Tanya returns to Walford with her new fiancé Greg Jessop (Stefan Booth). Tanya's mother, Cora Cross (Ann Mitchell), and Rainie arrive in Walford for her wedding, much to Tanya's dismay. Greg and Tanya marry, and Tanya soon starts an affair with Max. Greg later buys the beauty salon from Roxy Mitchell (Rita Simons) and later pushes Tanya to have another baby, though Tanya is against the idea. Tanya allows Rainie and Cora to move in. Tanya and Max plan to reveal their affair, but Tanya finds out that she may have cervical cancer. After discovering this, she breaks up with Max, but he decides to tell the truth to his fiancé, Vanessa Gold (Zöe Lucker) who reveals all to Greg. Heartbroken, Greg leaves Walford and when Max realises Tanya does not want to be with him either, he leaves too. Tanya is diagnosed with cervical cancer and tells only Lauren and forbids her from telling anyone else. Greg briefly returns but cannot handle the news that Tanya has cancer and quickly leaves again. Tanya then decides to stop her therapy, but does not tell Lauren about this. Later, Tanya agrees to allow Cora to move back in, after she has been thrown out by Dot Branning (June Brown). Tanya's doctor, Yusef Khan (Ace Bhatti), later confronts Tanya and asks why she has stopped her treatment. Tanya goes to the hospital where she tells her doctor that she wants no more treatment as she does not have the strength to fight, despite the fact she could die.

Max returns to Walford with his brother Derek Branning (Jamie Foreman).

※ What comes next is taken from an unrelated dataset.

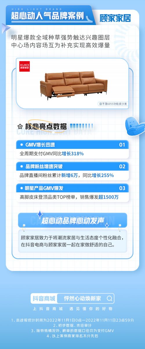 以顾家家居为例,商家通过在抖音电商中心场及内容场全域多维发力,精准拓宽用户圈层,实现高效爆量。至活动结束,顾家家居全周期支付GMV同比增长318%,品牌直播间粉丝累计新增6万,同比增长255%,明星单品登顶品类TOP榜单,销售额超1500万。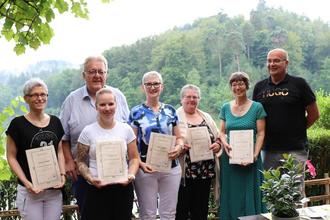 Im Rahmen einer Feierstunde ehrte Bürgermeister Bernd Frey Frau Petra Weiler für ihre 40-jährige Tätigkeit sowie Frau Sabrina Lis und Frau Diana Philippi für ihre 25-jährige Tätigkeit bei der Verbandsgemeinde Eisenberg (Pfalz). Weiterhin verabschiedete Bürgermeister Bernd Frey Frau Beate Bretz-Jerhof sowie Frau Carmela Rosa Lucieri in ihren wohlverdienten Ruhestand.

Max insults Tanya, and Tanya throws him out. As Tanya starts to throw her mother and sister out, Lauren reveals that Tanya has cancer and confronts her about stopping her therapy. Tanya then tells Cora and Rainie the truth about how her father died: he did not die peacefully as they believed, but was in constant pain and so Tanya helped him to die. Max then reconciles with Tanya and they become a couple again. She learns that she has been given the all-clear from cancer but is worried that it might return. She finds it difficult to be close to Max, but after a frank discussion over their marriage and sex life, Max reassures Tanya that she is all that matters to him. When Derek discovers that Tanya scared his daughter Alice Branning (Jasmyn Banks) away, he threatens to kill Tanya if she does it again. When Tanya discovers that cars at the car lot are being repossessed, she and Max argue, which leads to passion and they have sex for the first time since Tanya's all-clear from cancer. Tanya announces that her divorce from Greg will soon be finalised and proposes to Max. Lauren tells Tanya that Derek stole from Lucy Beale (Hetti Bywater) and she confronts him about it. Derek, in response, taunts Tanya about what he and Max did in Manchester. She confronts Max, who says he was involved in criminal dealings causing someone to get hurt. He then accepts her proposal from earlier and they get engaged.

Tanya discovers a birth certificate for a sister called Ava Anderton (Clare Perkins). She confronts Cora, who refuses to talk about it, but eventually tells Tanya that Ava died not long after her birth and it hurt so much she never told anyone, not even the father. Tanya then tells Cora that she can talk to her any time. When Ian Beale (Adam Woodyatt) goes missing, Tanya helps to bring him back to Walford, which makes her decide she wants Rainie at her wedding, but Cora lies to her that Rainie does not want to attend, when in fact Rainie does not want to see Cora. Patrick tells Tanya the truth about Ava: that she is alive, and Cora gave her up for adoption, so Tanya secretly tracks down Ava to her place of work, a school in Dalston. Tanya is shocked that Ava is mixed-race, and decides not to see her again. Tanya leaves her purse behind and Ava returns it, meeting Cora. Cora is shocked when Ava says her name, and is angry at Tanya, disowning her. Lauren is involved in a car crash and tells Tanya that she is in love with her cousin, Joey Branning (David Witts). Derek blackmails Tanya to keep Lauren and Joey's relationship secret from the rest of the family, and Joey is forced by Derek to end his relationship with Lauren. On Christmas Day, Tanya is stunned when Max's secret wife Kirsty Branning (Kierston Wareing) arrives moments before she is due to remarry Max. Max insists he thought they were divorced (Derek had lied to him) and Tanya and Max continue their relationship, but when Tanya finds Kirsty's keys in Max's pocket (given to Lauren by Kirsty), Tanya assumes Kirsty and Max are still involved. She tells Kirsty to sign divorce papers, but Kirsty refuses. Lauren also discovers that Tanya has not attended a hospital appointment, when Tanya said she was given the all-clear from cancer. Kirsty agrees to the divorce, realising she is hurting Max. Max shows Tanya this by saying Kirsty is leaving. Tanya realises Max still loves Kirsty because he refuses to have sex with her and is sad about Kirsty leaving. Max confirms this, so Tanya ejects Max from the house, saying their relationship is over for good, and she celebrates the break-up. She does not cope though, and is nearly drawn back to Max. She decides that to resist temptation she must leave Walford, and Max is deeply disappointed.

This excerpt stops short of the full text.